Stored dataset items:
----

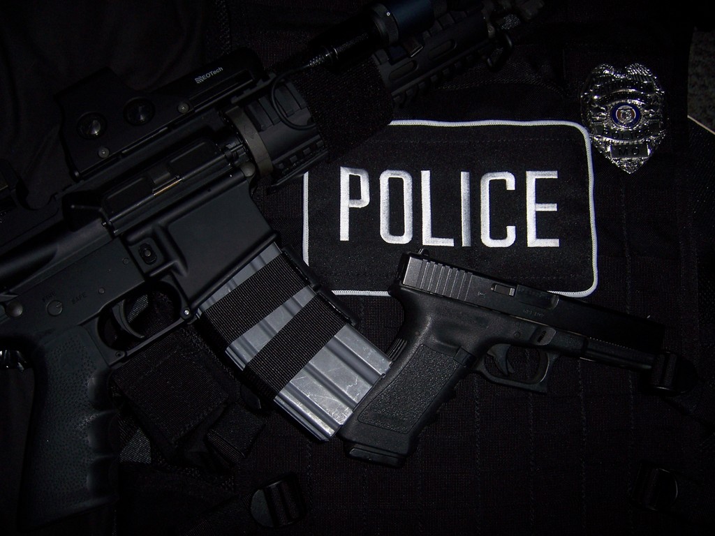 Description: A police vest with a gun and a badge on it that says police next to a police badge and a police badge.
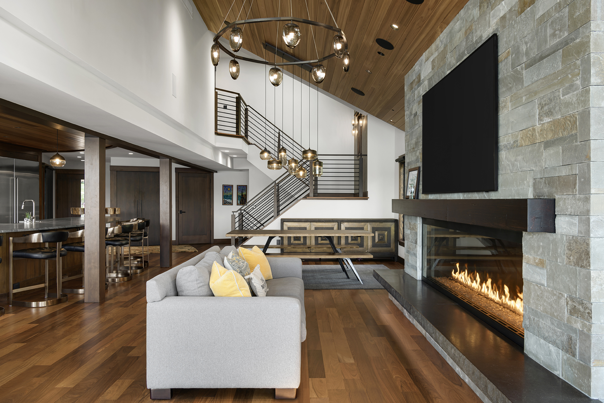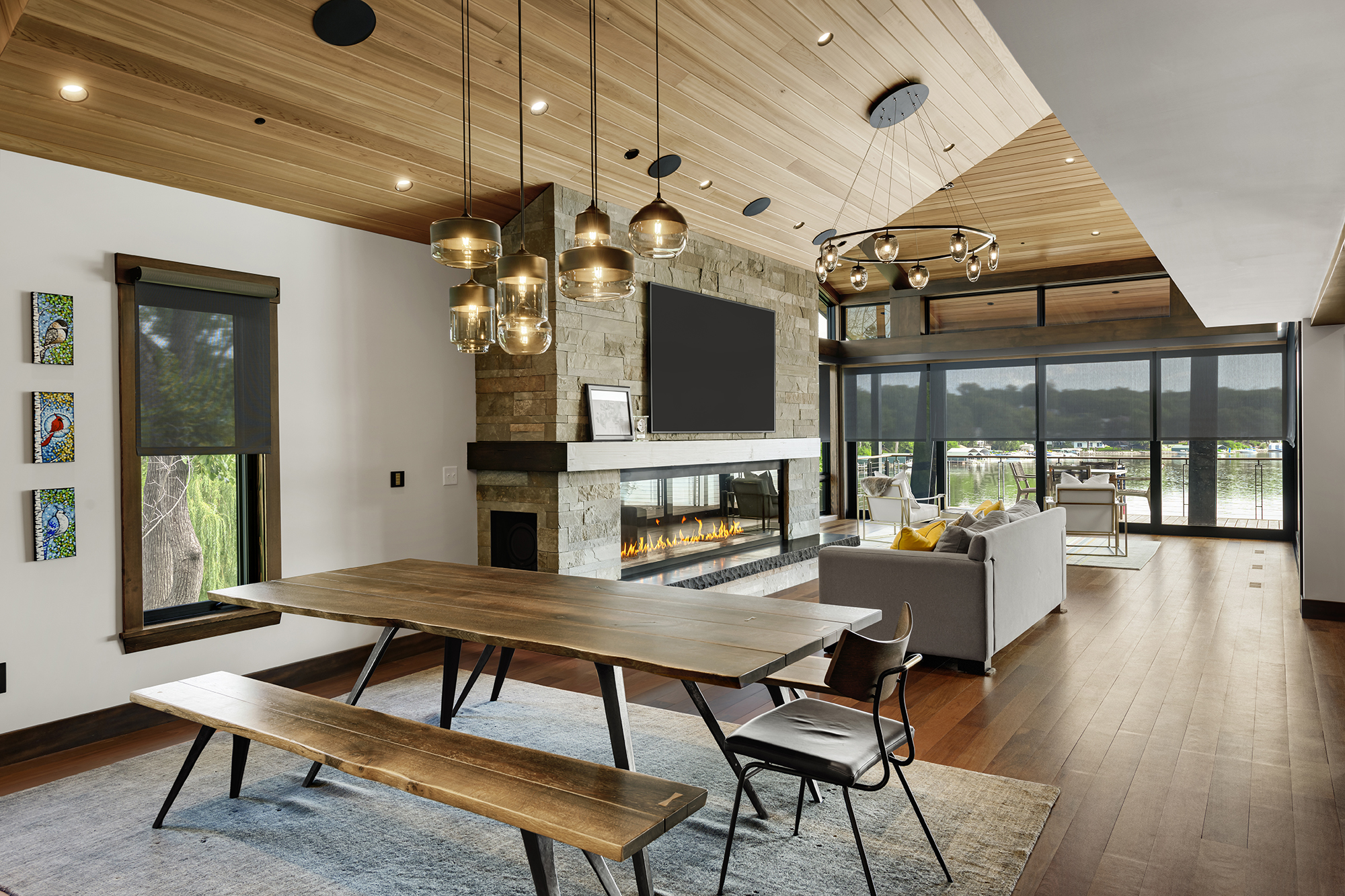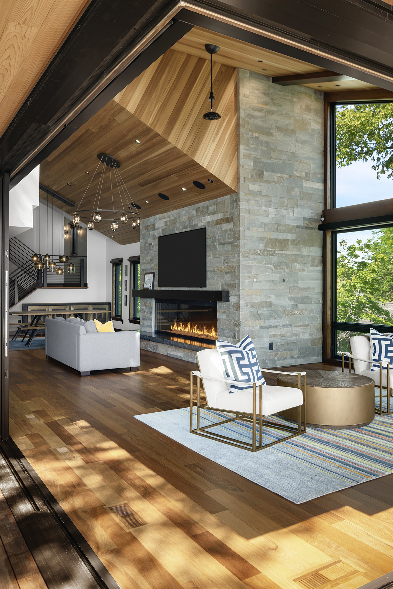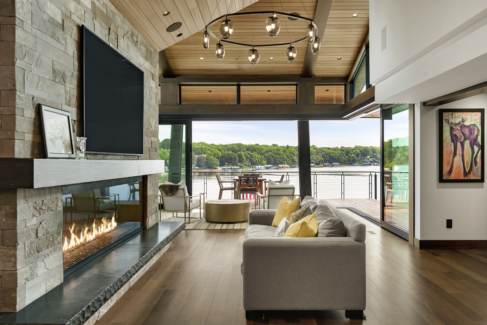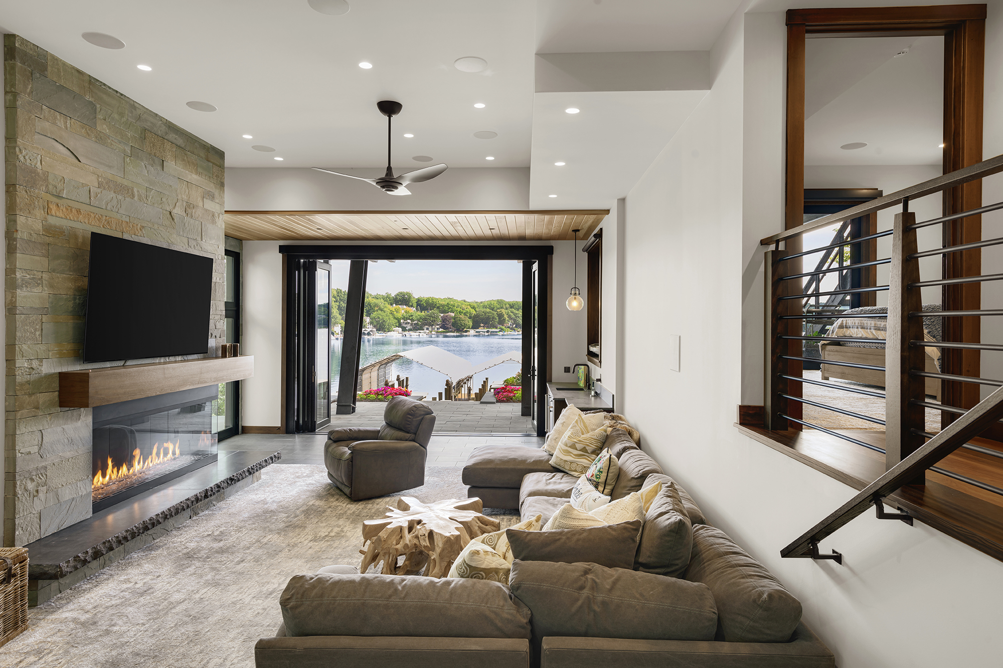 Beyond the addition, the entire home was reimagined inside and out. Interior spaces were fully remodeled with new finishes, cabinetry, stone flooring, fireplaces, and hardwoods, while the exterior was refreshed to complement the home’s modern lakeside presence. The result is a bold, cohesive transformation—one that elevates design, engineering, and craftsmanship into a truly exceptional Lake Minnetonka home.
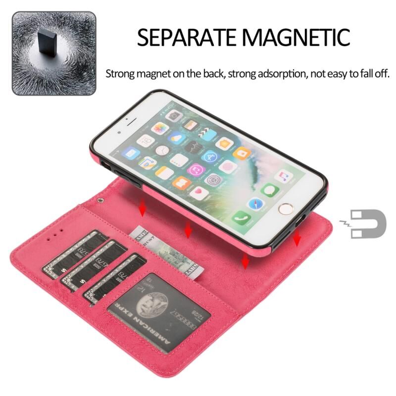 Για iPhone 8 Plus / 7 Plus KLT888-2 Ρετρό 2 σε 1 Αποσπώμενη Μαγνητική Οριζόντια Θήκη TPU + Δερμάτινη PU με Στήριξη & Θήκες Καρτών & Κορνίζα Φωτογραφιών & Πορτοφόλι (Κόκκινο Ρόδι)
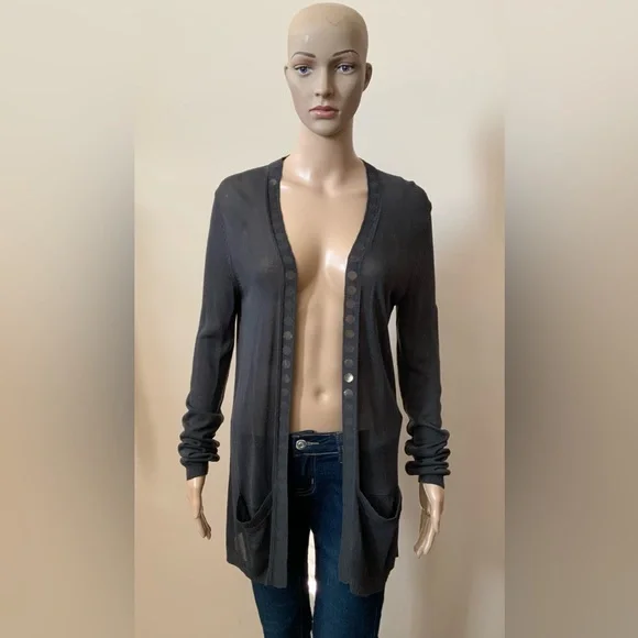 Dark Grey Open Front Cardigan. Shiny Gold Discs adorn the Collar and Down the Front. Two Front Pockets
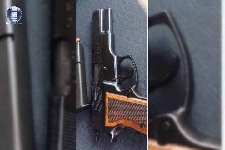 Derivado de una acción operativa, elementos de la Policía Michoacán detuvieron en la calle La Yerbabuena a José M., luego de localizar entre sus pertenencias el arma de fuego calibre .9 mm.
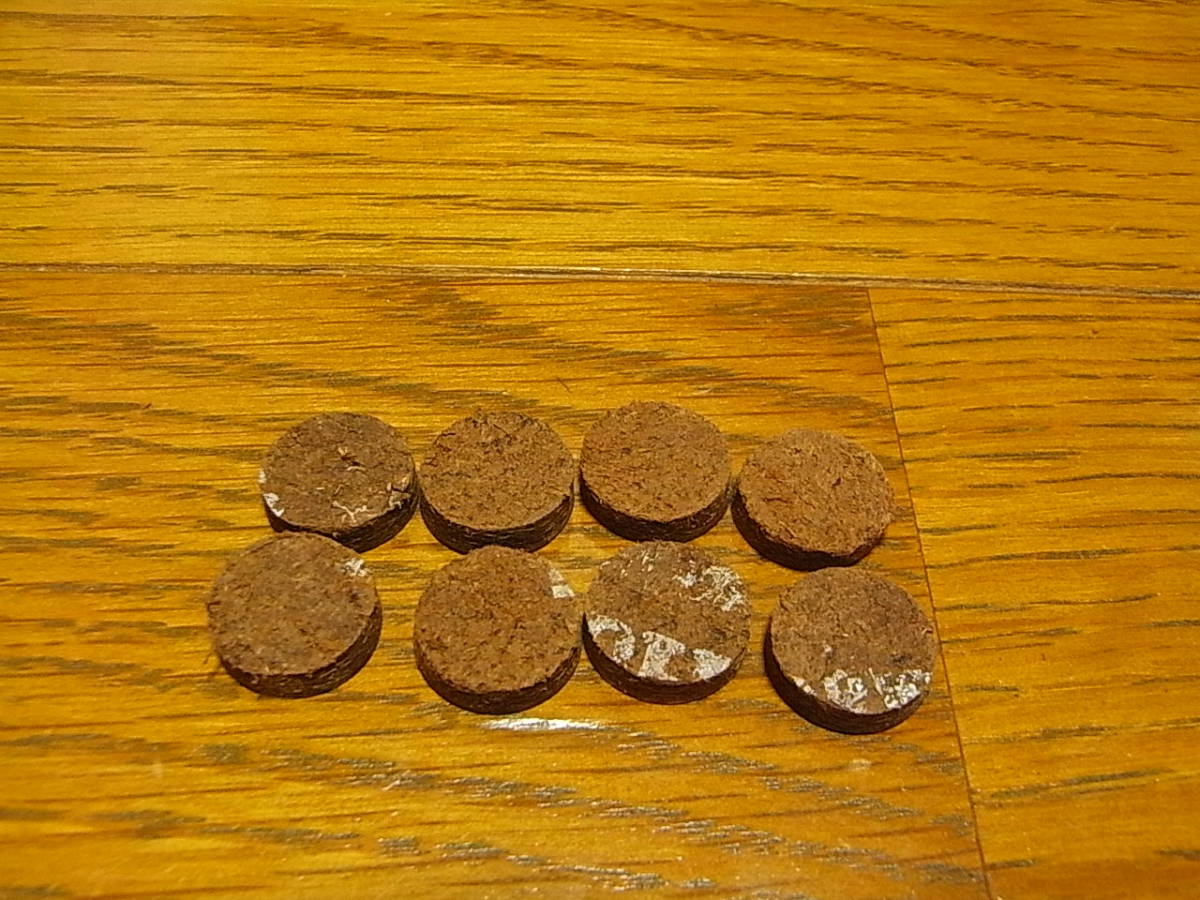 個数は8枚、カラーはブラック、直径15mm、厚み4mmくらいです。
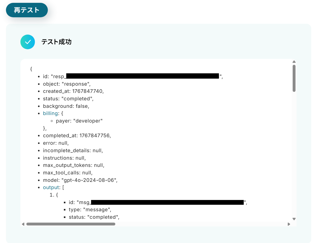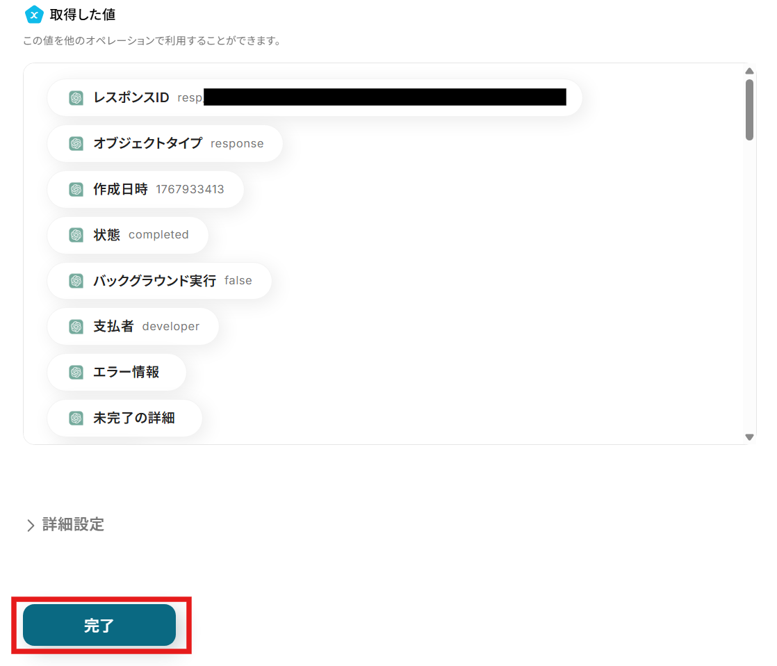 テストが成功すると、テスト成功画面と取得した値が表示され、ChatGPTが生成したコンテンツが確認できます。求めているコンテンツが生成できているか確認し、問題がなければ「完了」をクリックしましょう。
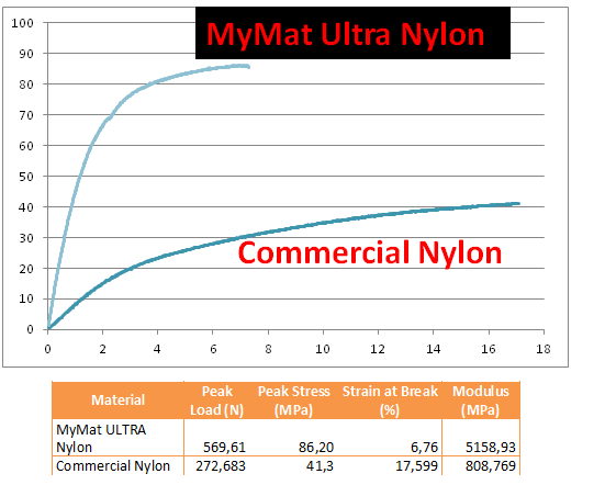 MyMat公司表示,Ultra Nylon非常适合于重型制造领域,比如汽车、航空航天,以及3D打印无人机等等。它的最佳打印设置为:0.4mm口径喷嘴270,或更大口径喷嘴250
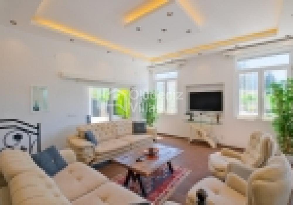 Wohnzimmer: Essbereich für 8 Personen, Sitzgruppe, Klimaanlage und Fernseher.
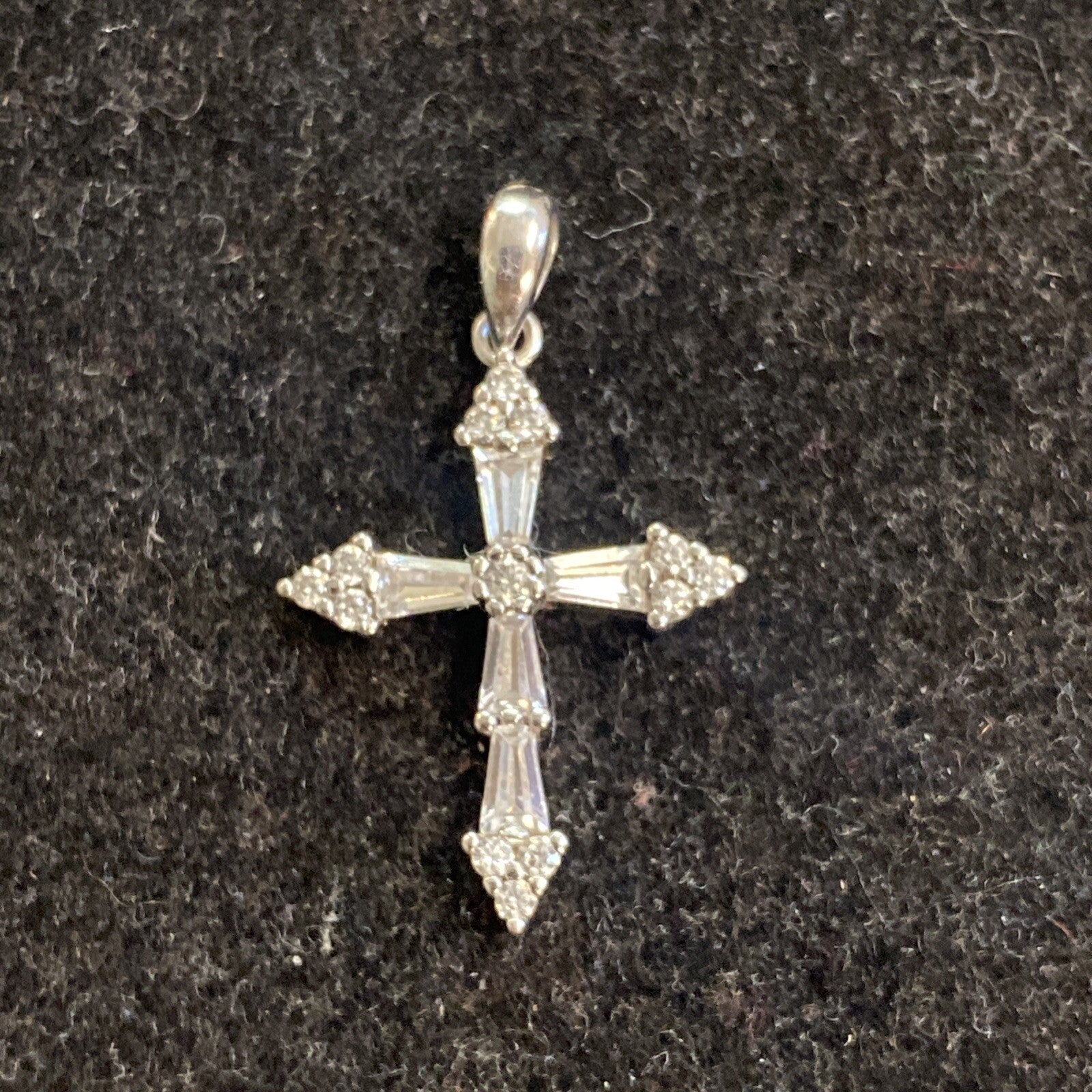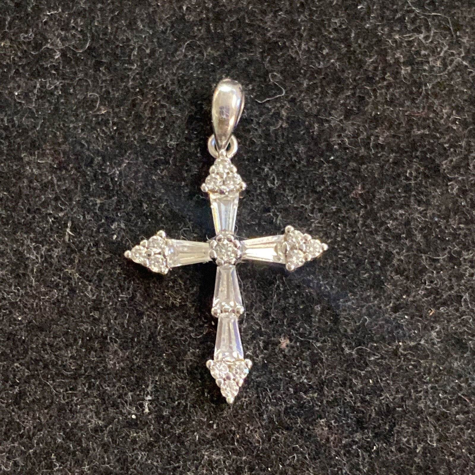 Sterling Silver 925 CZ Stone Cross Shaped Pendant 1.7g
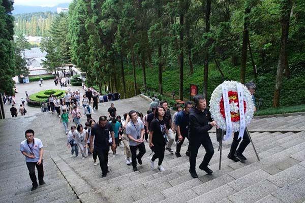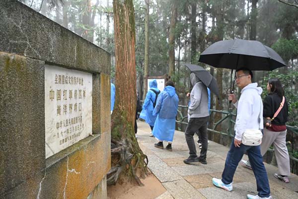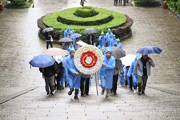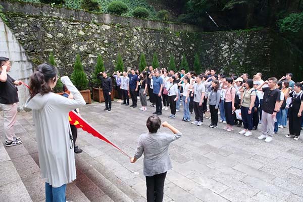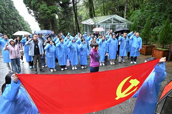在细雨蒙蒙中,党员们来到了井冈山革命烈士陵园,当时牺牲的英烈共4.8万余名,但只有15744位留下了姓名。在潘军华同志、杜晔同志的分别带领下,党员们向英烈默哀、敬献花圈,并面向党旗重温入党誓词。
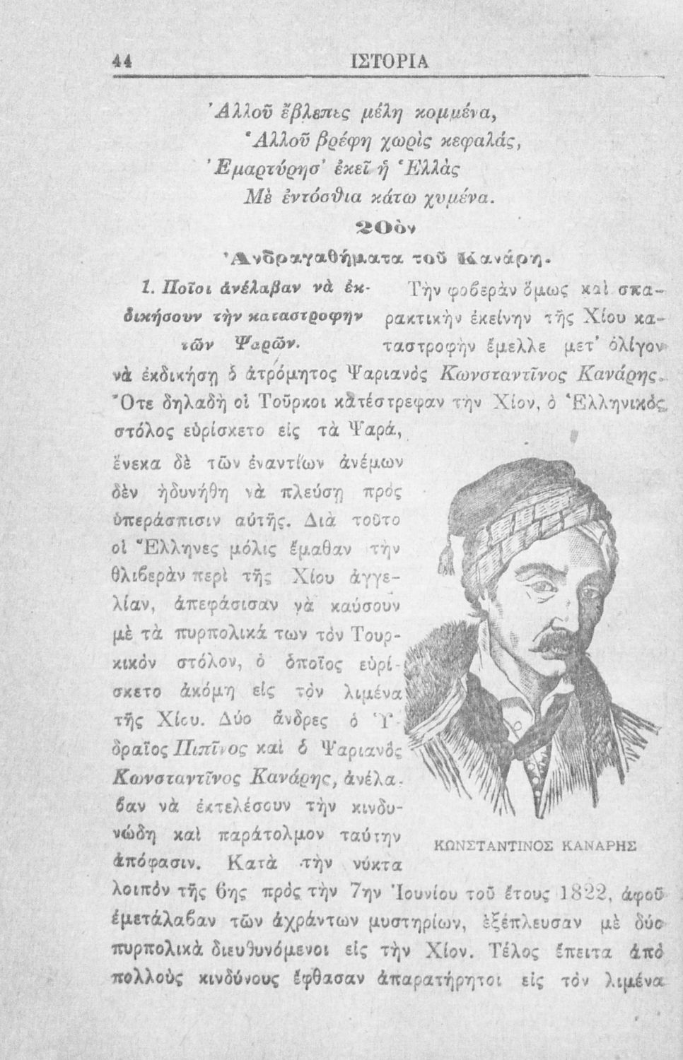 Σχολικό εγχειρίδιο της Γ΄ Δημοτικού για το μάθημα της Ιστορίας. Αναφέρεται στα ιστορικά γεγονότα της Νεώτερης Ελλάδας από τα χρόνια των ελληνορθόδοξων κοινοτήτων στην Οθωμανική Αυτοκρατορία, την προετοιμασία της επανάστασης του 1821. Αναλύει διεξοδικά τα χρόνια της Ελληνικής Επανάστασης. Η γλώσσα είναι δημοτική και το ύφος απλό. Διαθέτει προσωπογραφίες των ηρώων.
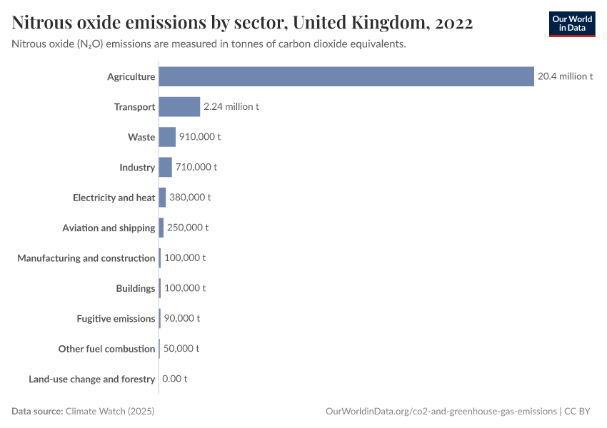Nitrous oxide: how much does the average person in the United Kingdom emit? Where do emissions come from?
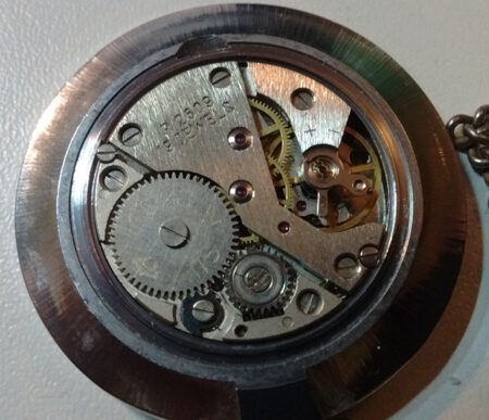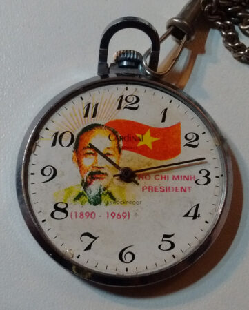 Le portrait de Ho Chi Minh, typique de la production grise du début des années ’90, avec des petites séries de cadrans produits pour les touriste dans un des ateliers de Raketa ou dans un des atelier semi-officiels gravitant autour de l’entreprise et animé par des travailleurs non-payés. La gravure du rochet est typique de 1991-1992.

----

Task prompt: Give the lines above again exactly, from the one containing "Derivado de una" to the one containing "在细雨蒙蒙中,党员们来到了井", both included, but leave out the pictures.

Problem solution:
 Derivado de una acción operativa, elementos de la Policía Michoacán detuvieron en la calle La Yerbabuena a José M., luego de localizar entre sus pertenencias el arma de fuego calibre .9 mm.
 個数は8枚、カラーはブラック、直径15mm、厚み4mmくらいです。
 テストが成功すると、テスト成功画面と取得した値が表示され、ChatGPTが生成したコンテンツが確認できます。求めているコンテンツが生成できているか確認し、問題がなければ「完了」をクリックしましょう。
 MyMat公司表示,Ultra Nylon非常适合于重型制造领域,比如汽车、航空航天,以及3D打印无人机等等。它的最佳打印设置为:0.4mm口径喷嘴270,或更大口径喷嘴250
 Wohnzimmer: Essbereich für 8 Personen, Sitzgruppe, Klimaanlage und Fernseher.
 Sterling Silver 925 CZ Stone Cross Shaped Pendant 1.7g
在细雨蒙蒙中,党员们来到了井冈山革命烈士陵园,当时牺牲的英烈共4.8万余名,但只有15744位留下了姓名。在潘军华同志、杜晔同志的分别带领下,党员们向英烈默哀、敬献花圈,并面向党旗重温入党誓词。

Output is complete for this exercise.